(Data records)

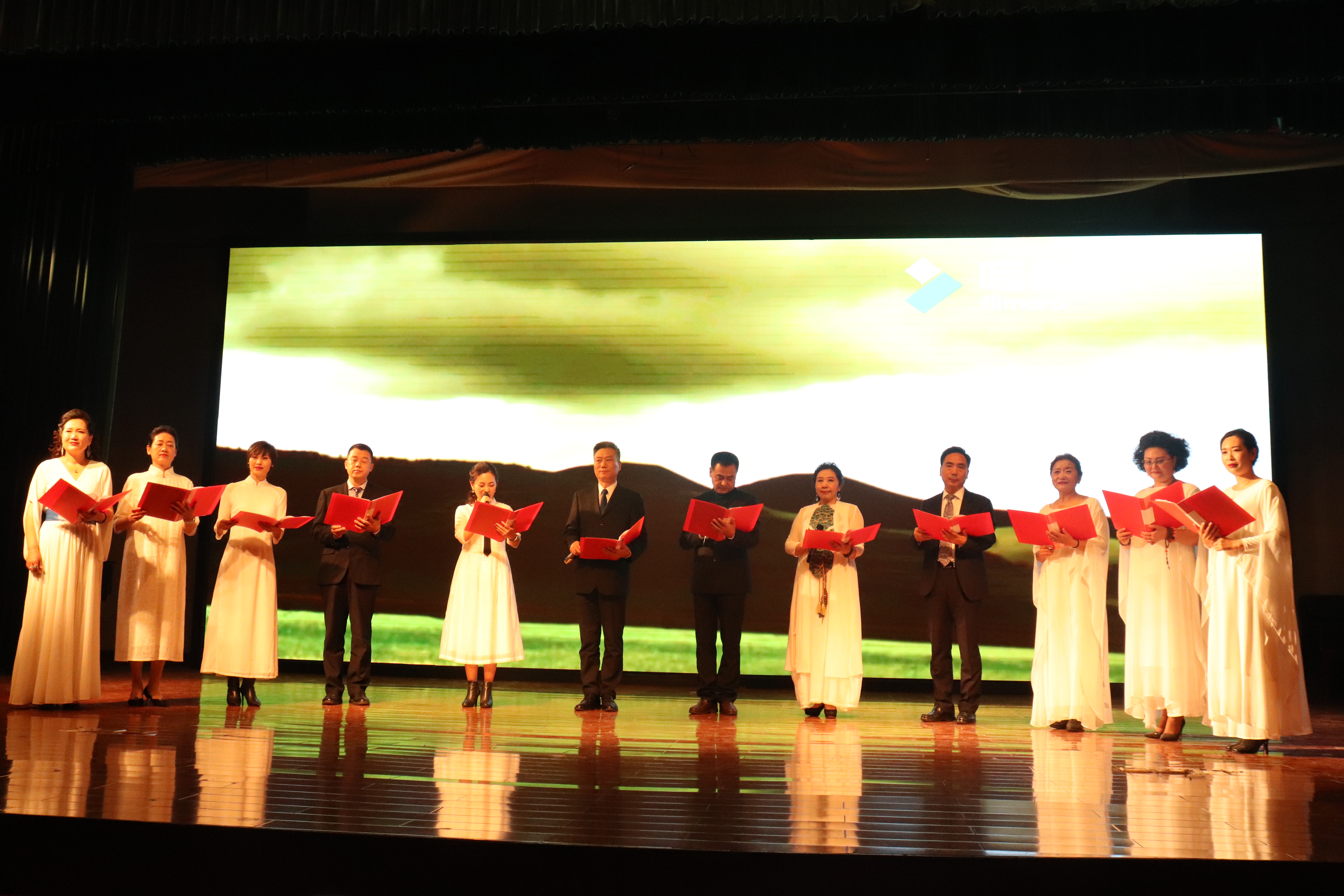 活动中,《读中国》、《大河长歌》等二十余首新赞美诗以及公安战线王朴玉朗诵的诗歌《不朽》让全场掌声不断。该校艺术设计学院、社科部教师朗诵的诗歌《英雄赞歌》《你的故事,波澜壮阔!》以及学生代表表演的《华夏韵》等,都在用自己的方式来表达爱国主义热情。(彭世民)
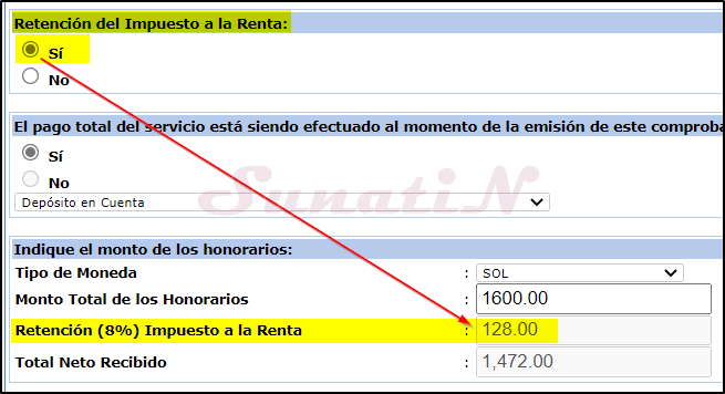 - «Retención del Impuesto a Renta»: Si la empresa te va a retener (descontar) el 8%; si el monto es menor o igual a S/ 1500 soles, podemos marcar «NO»; Si tenemos suspensión de retenciones – Form 1609 aprobado para el ejercicio actual, podemos marcar «NO» para cualquier monto. {SunatiN}
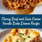 This Beef and Sour Cream Noodle Bake is a comforting, hearty casserole featuring a flavorful combination of ground beef, Italian sausage, and a creamy sour cream mixture layered with wide egg noodles and melted cheddar and Monterey Jack cheeses. Perfect for a family dinner, it combines savory meat sauce with creamy cottage cheese and aromatic seasonings, baked until bubbly and golden.
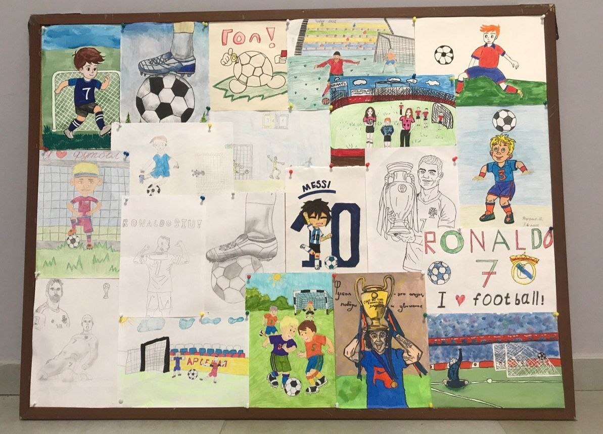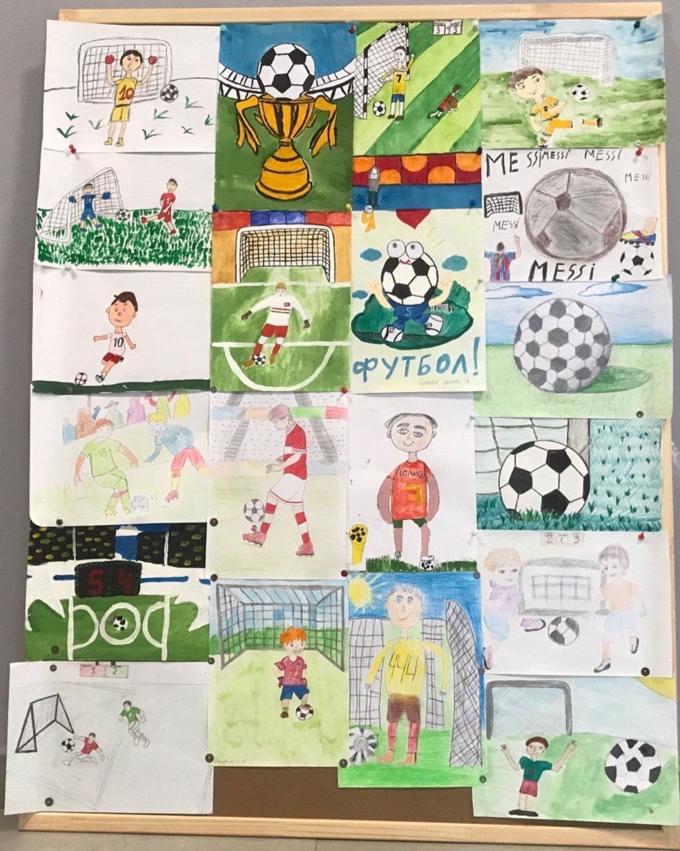 В школе центра образования № 1 города Ясногорска проходит творческий конкурс рисунков, посвящённый самому популярному спорту - футбол.
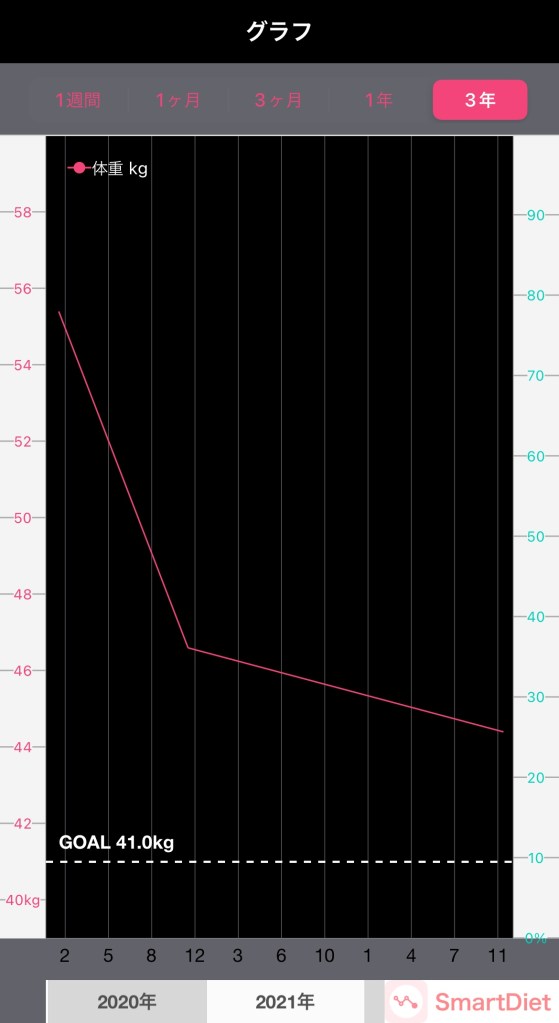 ★記録をつけ始めたのが2020年からで。途中からのダイエットグラフです。

(Work required) Repeat the material above word for word but skip the images.

(Your response)
 活动中,《读中国》、《大河长歌》等二十余首新赞美诗以及公安战线王朴玉朗诵的诗歌《不朽》让全场掌声不断。该校艺术设计学院、社科部教师朗诵的诗歌《英雄赞歌》《你的故事,波澜壮阔!》以及学生代表表演的《华夏韵》等,都在用自己的方式来表达爱国主义热情。(彭世民)
 - «Retención del Impuesto a Renta»: Si la empresa te va a retener (descontar) el 8%; si el monto es menor o igual a S/ 1500 soles, podemos marcar «NO»; Si tenemos suspensión de retenciones – Form 1609 aprobado para el ejercicio actual, podemos marcar «NO» para cualquier monto. {SunatiN}
 This Beef and Sour Cream Noodle Bake is a comforting, hearty casserole featuring a flavorful combination of ground beef, Italian sausage, and a creamy sour cream mixture layered with wide egg noodles and melted cheddar and Monterey Jack cheeses. Perfect for a family dinner, it combines savory meat sauce with creamy cottage cheese and aromatic seasonings, baked until bubbly and golden.
 В школе центра образования № 1 города Ясногорска проходит творческий конкурс рисунков, посвящённый самому популярному спорту - футбол.
 ★記録をつけ始めたのが2020年からで。途中からのダイエットグラフです。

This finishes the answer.